Recorded data:
-*-*-

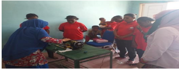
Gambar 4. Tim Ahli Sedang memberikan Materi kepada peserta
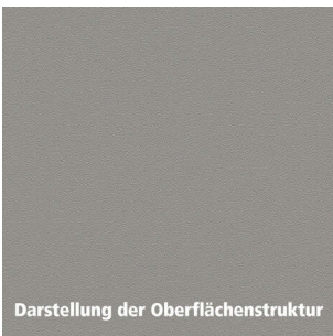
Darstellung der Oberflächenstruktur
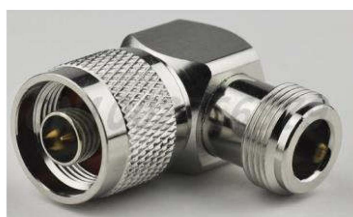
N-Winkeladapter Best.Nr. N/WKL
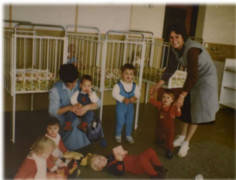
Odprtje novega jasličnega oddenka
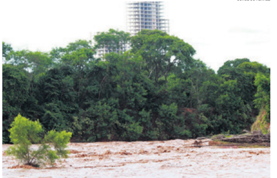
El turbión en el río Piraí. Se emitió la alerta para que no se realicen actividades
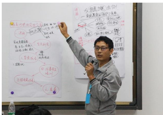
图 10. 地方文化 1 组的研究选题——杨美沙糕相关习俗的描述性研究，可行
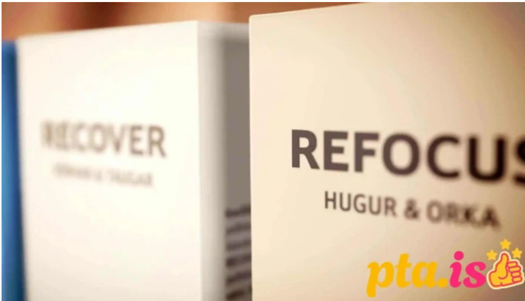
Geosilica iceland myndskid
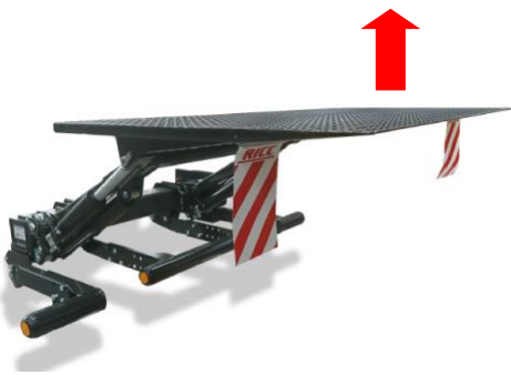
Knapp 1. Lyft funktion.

-*-*-

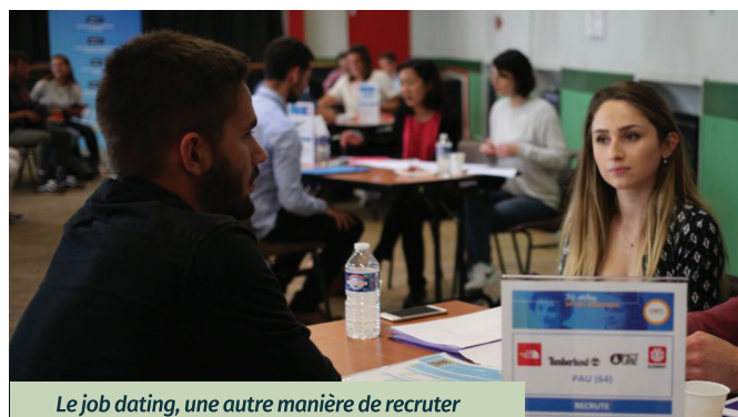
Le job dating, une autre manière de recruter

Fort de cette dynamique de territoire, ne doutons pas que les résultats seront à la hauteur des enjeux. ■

-*-*-

Task directions: The stretch to restate runs from the line above containing "Gambar 4. Tim" through the line containing "Knapp 1. Lyft funktion.". Copy it word for word, ends included, without pictures.

Task response:
Gambar 4. Tim Ahli Sedang memberikan Materi kepada peserta
Darstellung der Oberflächenstruktur
N-Winkeladapter Best.Nr. N/WKL
Odprtje novega jasličnega oddenka
El turbión en el río Piraí. Se emitió la alerta para que no se realicen actividades
图 10. 地方文化 1 组的研究选题——杨美沙糕相关习俗的描述性研究，可行
Geosilica iceland myndskid
Knapp 1. Lyft funktion.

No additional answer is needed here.